Site Reliability Engineer
- Pune, Maharashtra
- Permanent
- Full-time
- Design, implement, and maintain highly available and fault-tolerant systems in a financial environment.
- Define and monitor Service Level Indicators (SLIs), Service Level Objectives (SLOs), and Service Level Agreements (SLAs) to ensure system reliability and customer satisfaction.
- Passionately identify, measure, and reduce TOIL, with a proactive approach to eliminating repetitive manual tasks through automation.

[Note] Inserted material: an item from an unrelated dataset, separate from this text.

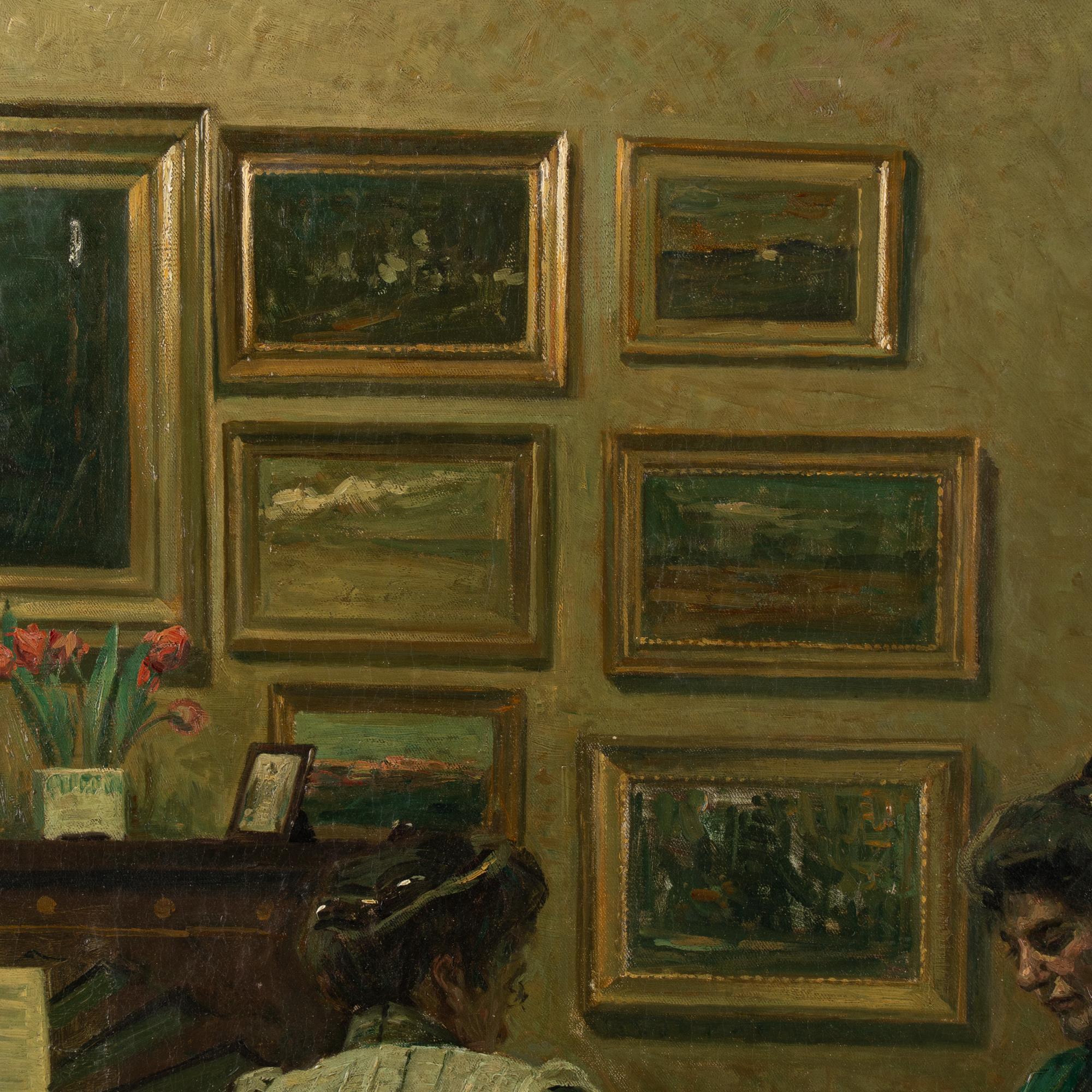 Original oil on canvas painting of Interior with two women at a card table. Signed and dated Fritz Kraul 1912.

- Lead incident response, post-mortems, and root cause analysis for production issues.
- Collaborate with development teams to embed reliability into the software development lifecycle.
- Integrate with observability platforms (e.g., Prometheus, Grafana, ELK, Datadog) to ensure end-to-end visibility of systems and services.
We value transparency, shared responsibility, and continuous learning. You'll work alongside talented engineers who are passionate about building reliable systems and solving complex problems.Your expertise
- Proven expertise in Site Reliability Engineering, with a background in software engineering, infrastructure, or operations.
- Hands-on experience with cloud platforms (e.g. Azure), operating systems (e.g. Linux RHEL7+ ), and networking fundamentals.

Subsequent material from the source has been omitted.